Because Dr. Kammerman's report is inadmissible under Daubert and Rule 702, and because this is not one of the rare cases where a jury would be competent to evaluate the professional propriety of the individual defendants' actions without the assistance of expert testimony, plaintiff has presented no evidence that plaintiff's involuntary commitment did not meet "'standards generally accepted in the medical community.'" Olivier, 398 F.3d at 191 (quoting Rodriguez, 72 F.3d at 1063). Accordingly, defendants' motion for summary judgment on plaintiff's claims against the individual defendants is hereby granted.*fn4

The foregoing analysis of plaintiffs' federal claims applies with equal force to plaintiff's claims under the Due Process Clause of the New York State Constitution. The New York State Constitution's guarantee of due process is virtually coextensive with that of the U.S. Constitution. See Cent. Sav. Bank v. City of New York, 280 N.Y. 9, 10, 19 N.E.2d 659 (1939). Accordingly, the conclusion that the plaintiff's federal due process rights were not violated dictates the conclusion that plaintiff's parallel rights under the New York State Constitution were also not infringed.

Turning, finally, to the motion of defendant Holliswood for summary judgment dismissing plaintiff's claim of false imprisonment against Holliswood and Dr. Milstein,*fn5 Holliswood has submitted an expert affidavit from Dr. Paul Nassar concluding that the treatment given plaintiff by Holliswood and Dr. Milstein was "consistent with accepted standards of practice." Semlies Affidavit Ex. R ¶ 3. The only evidence plaintiff provides to contradict this report is, again, Dr. Kammerman's report. But Dr. Kammerman's treatment of Dr. Milstein is no more reliable than his treatment of the other individual defendants. Dr. Kammerman simply states his personal view that "it is incumbent on [a] psychiatrist to explain the contradiction" when "faced with a sharp contradiction between what has been reported about a patient . . . and what the patient is objectively demonstrating," and that Dr. Milstein failed to make the "required" phone calls to the Elmhurst doctors when plaintiff was not demonstrating any of the dangerousness that those doctors had reported. Kammerman Report at 16. As with his evaluation of the other individual defendants, Dr. Kammerman does not use any reliable principle or methodology to evaluate Dr. Milstein's conduct, and his assessment of Dr. Milstein is therefore inadmissible under Daubert and Rule 702.
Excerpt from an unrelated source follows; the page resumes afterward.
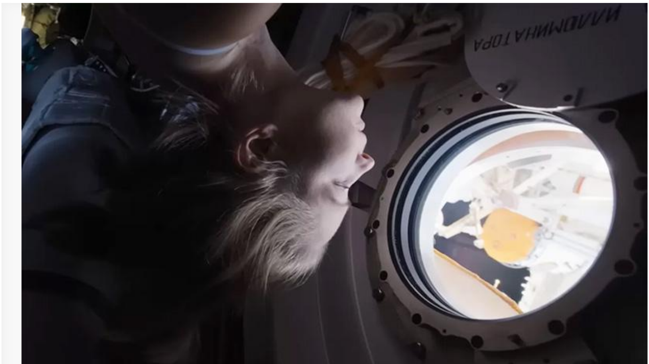
Кадр из фильма «Вызов»

Успешнее «Вызова» стартовали в своё время «Сталинград» и «Вторжение» Фёдора Бондарчука, «Экипаж» Николая Лебедева, «Лёд» Андрея Трофима и «Лёд 2» Жоры Крыжовникова, «Т-34» Алексея Сидорова, «Последний богатырь», «Последний богатырь: Корень зла» и «Чебурашка» Дмитрия Дьяченко.

Although (perhaps by oversight) only Holliswood, and not Dr. Milstein, has moved for summary judgment on this claim, the Court may also "grant summary judgment to a non-moving party, if no genuine issues of material fact have been shown." Project Release, 722 F.2d at 969. Since, as indicated, plaintiff has failed to raise any material fact as to whether either Holliswood or Dr. Milstein committed medical malpractice or otherwise violated plaintiff's rights, the Court dismisses the claim not only against Holliswood but also against Dr. Milstein.

The Court has considered plaintiff's other arguments but finds them without merit. Accordingly, for the foregoing reasons, summary judgment is granted to defendants dismissing all of plaintiff's claims, in their entirety, with prejudice. The Clerk is directed to close documents 35, 42, and 45, and to enter judgment in defendants' favor.